Board Chair Jim Breedlove added the discussion to the agenda just before approval. The consensus is that Board Attorney John Henning will draft a resolution supporting the current nonpartisan elections for Macon County school board members and pass it on to the Macon County Commissioners.
The agreed-upon plan is once Henning finishes a draft ordinance, he will send blind copy emails to each of the board members so they can’t respond to each other and violate state Open Meeting laws. Board members will respond to Henning with corrections or addendums, and the process repeats itself until everyone individually agrees to the plan. If “big pieces” of the resolution need discussion, as Board Member Hilary Wilkes termed it, the Monday, Dec. 11, school board meeting at Franklin High School will be the venue for those. If the resolution is agreed in an email vote before that Dec. 11 meeting, Macon County Schools will send out a press release.
The resolution, once approved, will be presented at the County Commissioners’ Tuesday, Dec. 12, meeting.

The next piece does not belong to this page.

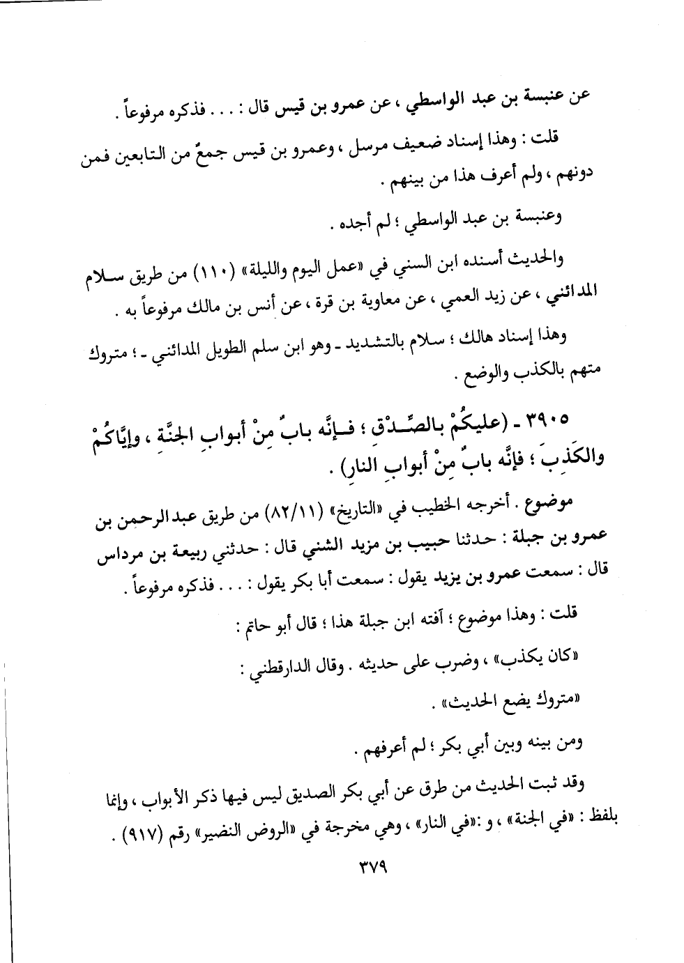 وقد ثبت الحديث من طرق عن أبي بكر الصديق ليس فيها ذكر الأبواب، وإنما بلفظ: "في الجنة"، و: "في النار"، وهي مخرجة في "الروض النضير" رقم (917) .

“I would let [the commissioners] know, there will be members of the [school board] at your next meeting, I can promise you that,” Breedlove said to Commissioner Gary Shields, who is against partisan school board elections. Shields was the only commissioner present at Monday’s meeting.
On Nov. 14, the commissioners didn’t act on Commissioner John Shearl’s request that Macon County’s state representatives introduce a bill to make school board elections partisan. This would mean school board candidates would have their party affiliation on the ballot and be subject to primaries. A plurality of commissioners expressed support for the proposal. Most of the school board members were out of town on Nov. 14, with only Board Member Diedre Breeden present.
Breeden said the subject has been heavy on her heart for two weeks.
“I feel like at least for me, it reflects the heart of what we’re trying to propose with the resolution,” Breeden said, explaining that there were “a lot of feelings” expressed at the Nov. 14 commissioners’ meeting. Breeden pointed out that despite how heavy the discussion got at times, MCS CTE Director Colleen Strickland positively changed the mood during her aviation students’ presentation.
“I mean, that’s the heartbeat of what Macon County Schools is,” Breeden said. “I just hope this resolution puts forward that is what our purpose is.”
Breedlove said, “If it ain’t broke, don’t fix it,” and complimented how the current system isn’t broken and works “extremely well.”
Board Member Stephanie Laseter said no one on the board felt like they were running for political office and “feels emphatic about that.”
Board Member Melissa Evans said it’s public knowledge what party affiliation everyone on the board is, but that doesn’t matter on the school board. As a grandmother, Evans said her school board vote shouldn’t come down to party affiliation.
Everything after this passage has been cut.